Data Scientists need a whole toolbox of skills to be able to analyze and manipulate data on the job. One of those skills is Natural Language Processing (NLP), which helps machines understand and classify human speech and writing. To learn more, we asked Data Scientist Lauren Washington, who also mentors Thinkful data science students, to explain what NLP actually is, how companies like Google and Facebook use it, and why it’s a useful skill for data scientists. Plus find resources to help you get started with Natural Language Processing!
- Lauren is a Technical Expert and Mentor at Thinkful. She’s also the Lead Data Scientist and Machine Learning Engineer for smartQED in the Bay Area, where she specializes in natural language processing (NLP), predicts when IT systems are going to fail, and recommends solutions.
- Previously, Lauren worked in analytics and data science roles at Google, Nielsen, and the National Opinion Research Center.
- Lauren has a Bachelor’s Degree in Economics from Spelman College, GA, and a Masters in Applied Data Science from Columbia University.
What is natural language processing or NLP?
- Natural Language Processing is a method for pre-processing text to turn it into numerical data. That data can then be modeled using Machine Learning algorithms.
- NLP is also known as computational linguistics.
NLP is basically feature engineering. This isn't a machine learning algorithm. It’s a way of taking natural text and turning it into something that an algorithm can use. As a data scientist, 80% of your job is being a data janitor and trying to clean things up and turn them into data and features that can be worked with. So natural language processing is a way to process that textual data and turn it into numerical values or categorical values that you can use to actually model text.
A good example is a spam filter for email.

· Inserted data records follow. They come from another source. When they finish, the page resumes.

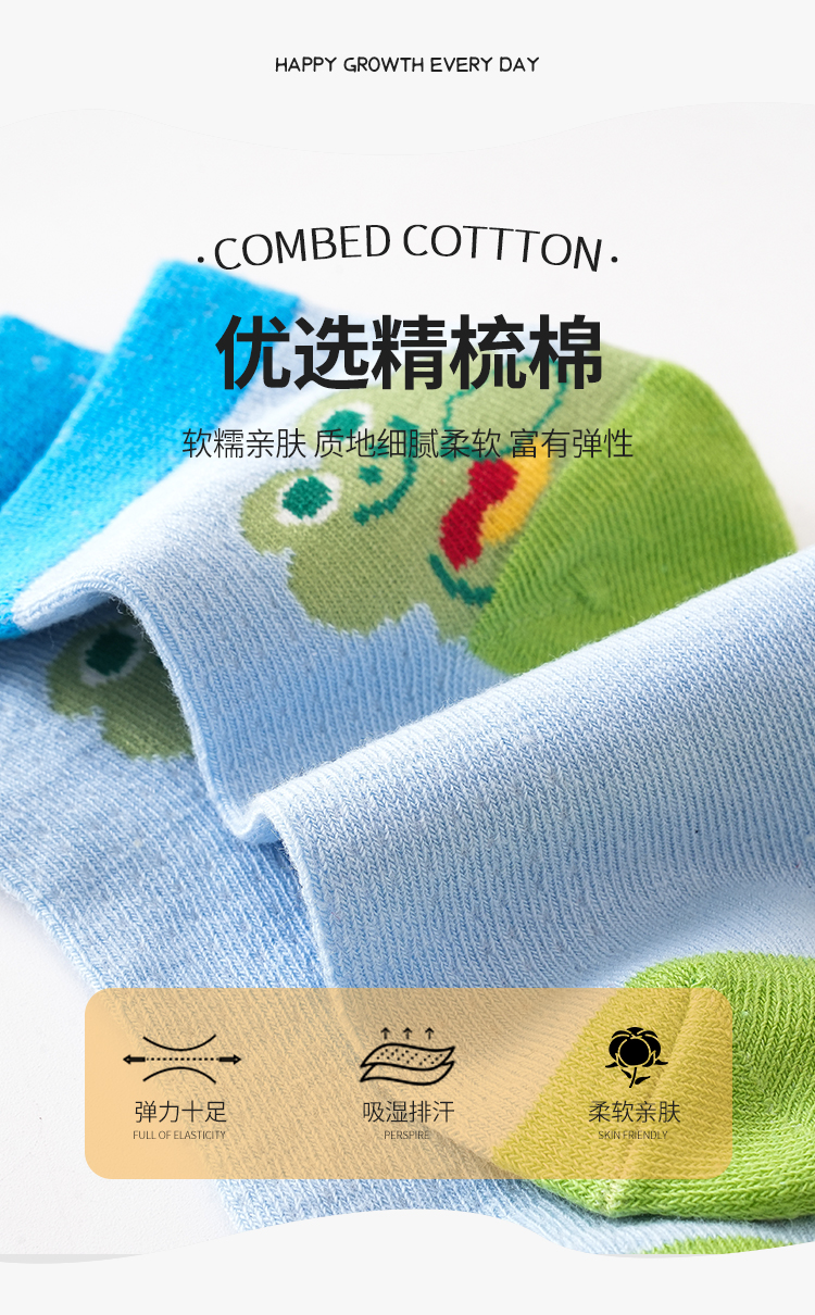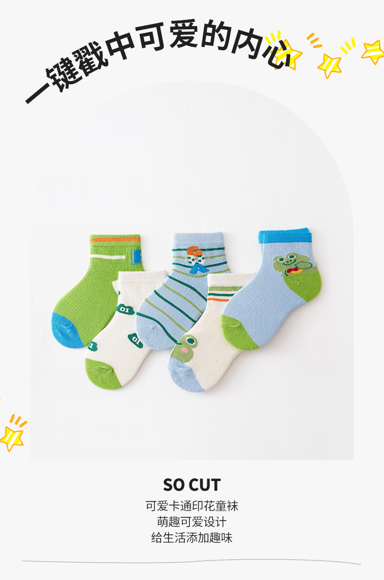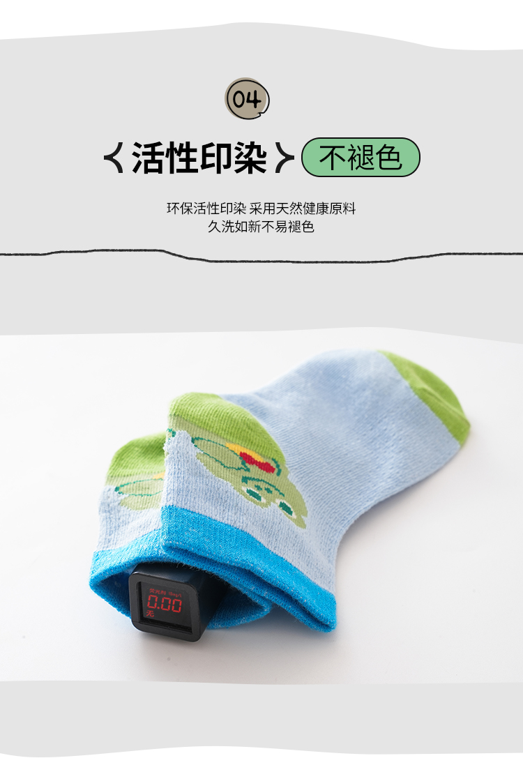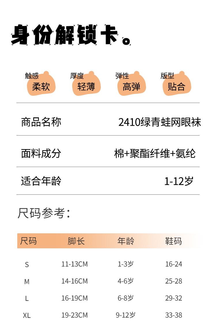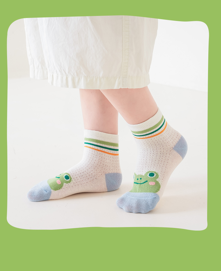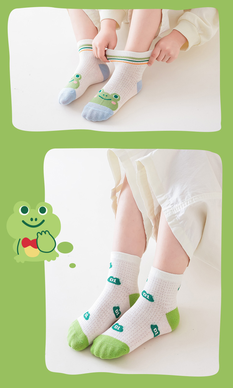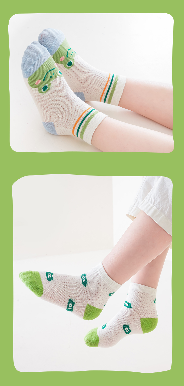 花辞日记纯棉儿童袜子2410绿青蛙网眼儿童袜10双装
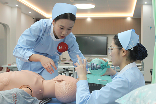 第一賽道中,選手們分工明確,心肺復蘇時按壓精準、呼吸規范,與時間“賽跑”。
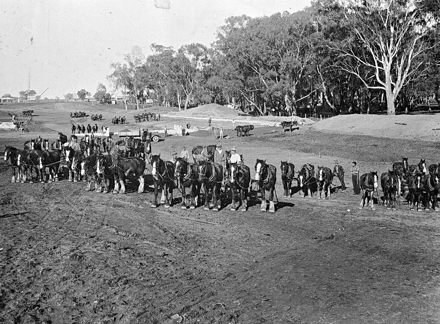 Horse teams excavating the Waranga Western Channel.
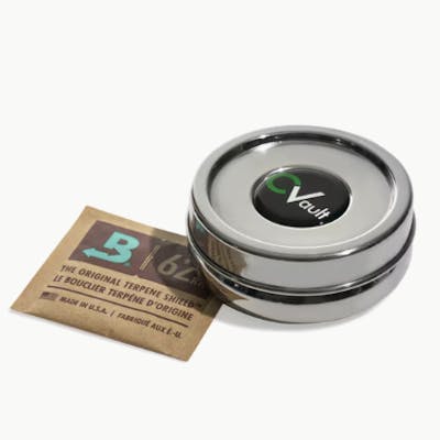 Uses: This is the perfect on-the-go CVault for personal cannabis storage. Supports: 1/4 oz or 7 grams Includes: One (1) Size 8 Boveda Materials: Stainless Steel Item Dimensions: 3.3 in/8.3 cm Dia, 1.18 in/3 cm D
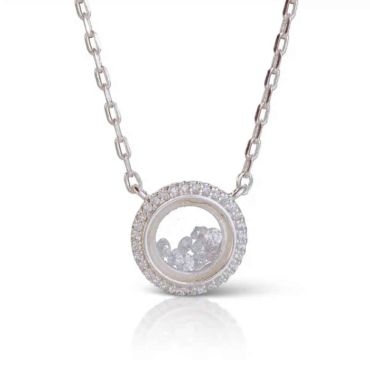 A modern open ring design featuring a free-moving, sparkling cubic zirconia.
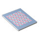 An attractive notepad or jotter, with a cover pattern of patchwork in pink and blue denim colours, from a handpainted watercolour design by Judy Adamson.
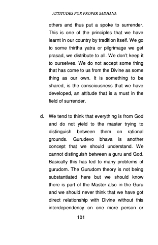 d. We tend to think that everything is from God and do not yield to the master trying to distinguish between them on rational grounds. Gurudevo bhava is another concept that we should understand. We cannot distinguish between a guru and God. Basically this has led to many problems of gurudom. The Gurudom theory is not being substantiated here but we should know there is part of the Master also in the Guru and we should never think that we have got direct relationship with Divine without this interdependency on one more person or
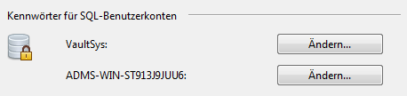 Bei der Installation von Vault werden vorgegebene Kennwörter für die SQL-Dienstkonten VaultSys und ADMS_%Site-Name% bereitgestellt. Der Administrator kann diese Vorgaben durch sicherere Kennwörter ersetzen.

A machine can assume that a message is spam or unimportant message based on the frequency count derived from bodies of text.
What are other examples of natural language processing?
- Virtual assistants like Siri, Alexa, Google Home
- Recommendation Engines
- Sentiment analysis
- Predictive Text
Virtual Assistants: I use my virtual assistant to play Spotify, but if I work my commands differently, it reacts differently – that’s natural language processing. It’s using my words to try to analyze what I'm asking it to do. When you put keywords in your request, it will pick those up and throw out the rest, which is how natural language processing works.
Chatbots: Chatbots use natural language processing to map against a database to say, "Okay, usually when somebody asks a question like this, this is the type of answer that they want."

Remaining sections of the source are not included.